Figure 2: Anchor SA bond yield monitoring – yields on the 5-year R186
Source: Thomson Reuters, Anchor
Figure 3: Anchor SA bond yield monitoring – yields on the 10-year R2030
Source: Thomson Reuters, Anchor
The implications for fixed income funds
Anchor BCI Core Income Fund
Our target 2021 net return is for just under 5% (net of fees).
The core income fund is designed as a portfolio that takes very little market risk and it should therefore be a stable income provider. This is ideal for corporates with significant cash reserves as the fund should generate appreciably more than these corporates are able to earn on bank accounts, with very little additional risk.
Anchor BCI Flexible Income Fund
Our target 2021 net return is 5.4% to 6.0% (net of fees).
The Anchor Flexible Income Fund is designed to be a low-risk fund that takes advantage of some duration positions to increase the yield, giving the portfolio some slight exposure to market risk. This is ideal for the low-risk portion of retail investors’ portfolios. It is also an attractive option for investors that are looking to outperform inflation (which is expected to average about 4% in 2021) without taking much risk.
Anchor BCI Bond Fund
Our target 2021 net return is 8.8% (net of fees).
This portfolio invests in longer-duration bonds, which offer more attractive yields. The portfolio will be volatile over the short term, however, long term, it is likely to offer an attractive interest outcome. This fund is ideal for those investors that need to generate income but are unlikely to sell their investment for long periods of time (e.g., as part of an investor’s regulation-28 fixed income component). This fund is also ideal for those investors that can tolerate slightly higher risk in the short term and want to earn more attractive interest yields.

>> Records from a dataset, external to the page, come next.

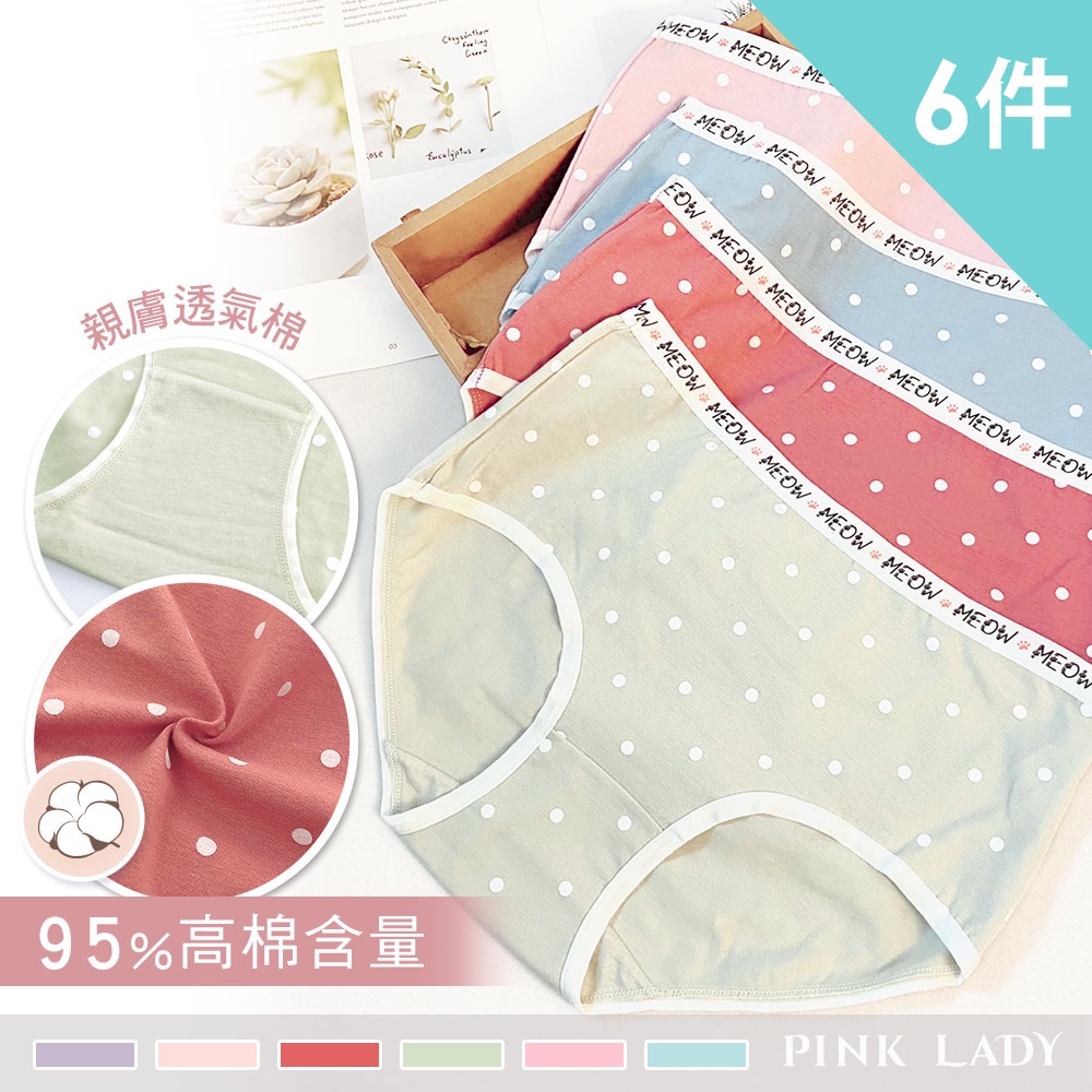Pink Lady 6件內褲組【親膚高棉】點點印花 95%高棉柔舒適親膚中腰內褲 9101
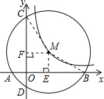分析:过点M作ME⊥x轴,MF⊥y轴,垂足为E、F,连接MB、MC,由垂径定理可知BE=AB=4,故OE=MF=OB-BE=2,设OF=ME=b,则FC=4-b,在Rt△CFM和Rt△BEM中,根据斜边相等,由勾股定理列方程求b,再将M点坐标代入反比例函数式即可.
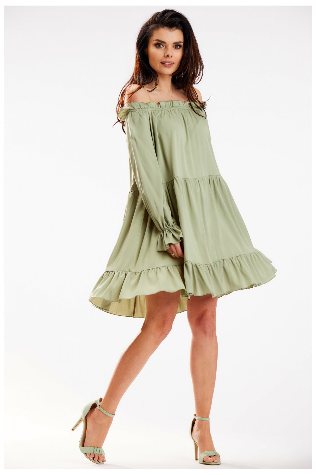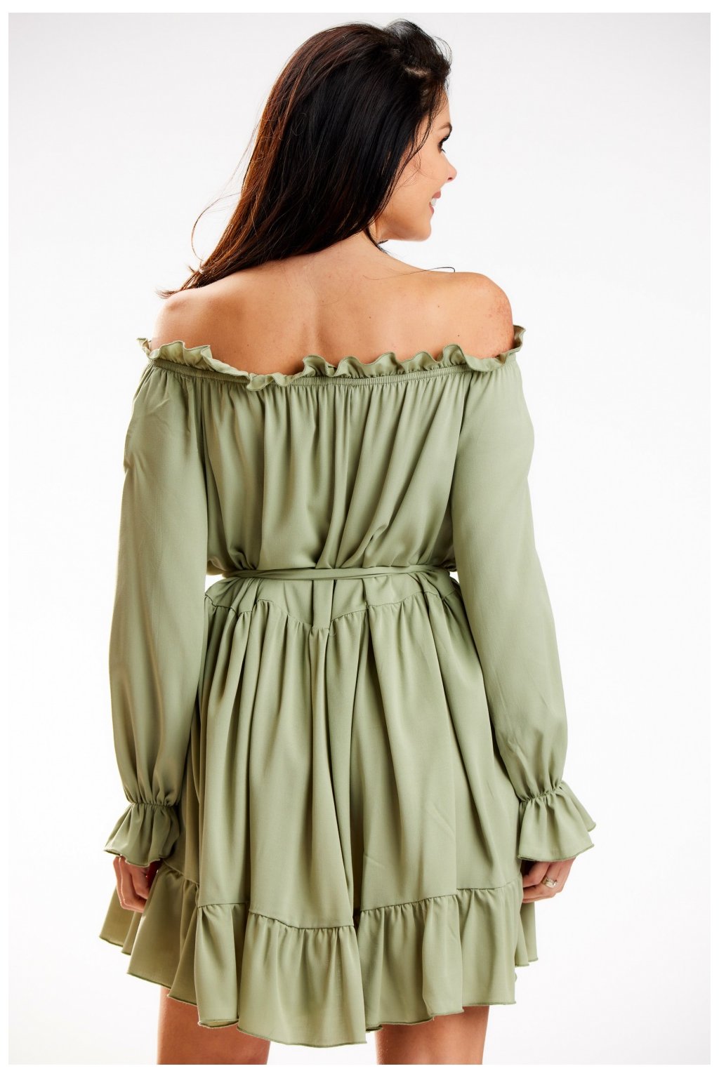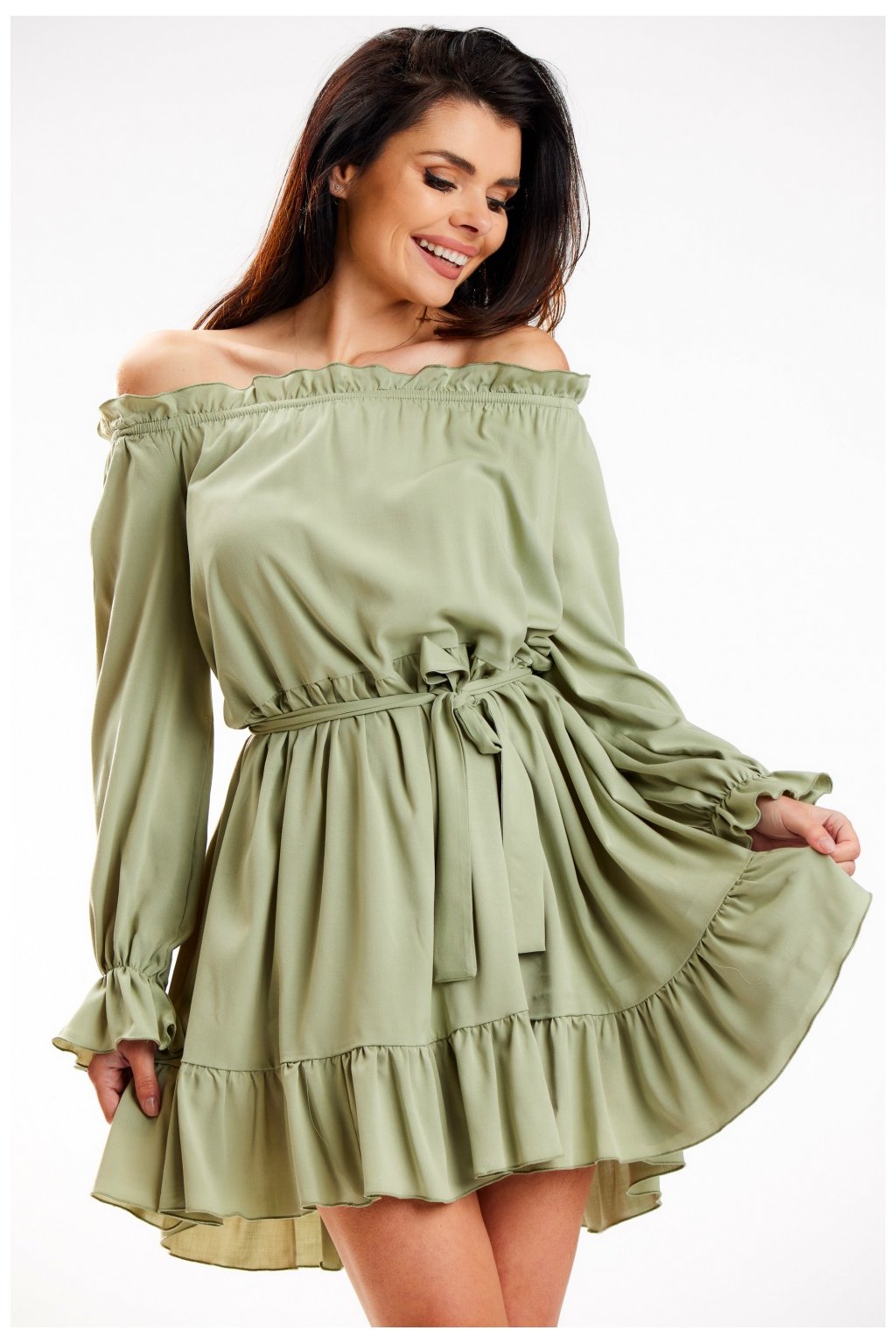 Španělské šaty s dlouhým rukávem zakončeným volánem. Můžete je nosit na dva způsoby, buď jako lehké dívčí šaty ve tvaru písmene A, nebo svázané páskem vyrobeným z toho samého materiálu jako šaty. Skvěle se hodí na podpatky na různé příležitosti i na tenisky na každý den. Navrženo a ušito v Polsku.Viskóza 97 %
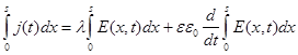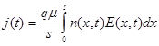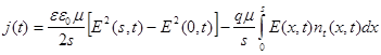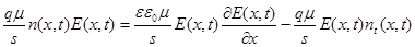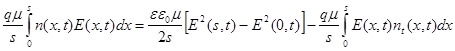где q[п(х, t)+п t(х, t)]=ρ(х, t) - плотность заряда в пленке. Умножим обе части на Е(х, t) и μ, поделим на s и придем к выражению;

Anchor BCI Africa Flexible Income Fund
Our target 2021 net return is 9% (net of fees).
This fund is ideal for those investors that want to diversify their fixed-income holdings away from SA. The portfolio is 50% US dollar-denominated and is diversified throughout the African continent, thus allowing investors to spread their fixed-income risks away from just SA, without giving up yield.
Anchor BCI Global Flexible Income Fund
Our target 2021 net return is 1.4% (in US dollar terms, net of fees).
The portfolio holds several corporate bonds (generally these are from the US and Europe and are rated around BBB, which is stronger than SA’s rating). These bonds are subject to the risk of the US yield curve rising, although we endeavour to retain the duration below 5 years, which should keep risks in check. The portfolio is 98% US dollar-denominated and the fund is ideal for those investors that want to retain their US dollar exposure, but with reduced equities exposure.
This portfolio is a BCI fund and it can only be bought by investors with domestic rand. We then convert the rand into US dollar within the portfolio.
Conclusion
The volatile investment landscape continues to be supportive of fixed income as an asset class. South Africans are still in a position to take advantage of positive real yields, while much of the developed world is facing negative or zero yields.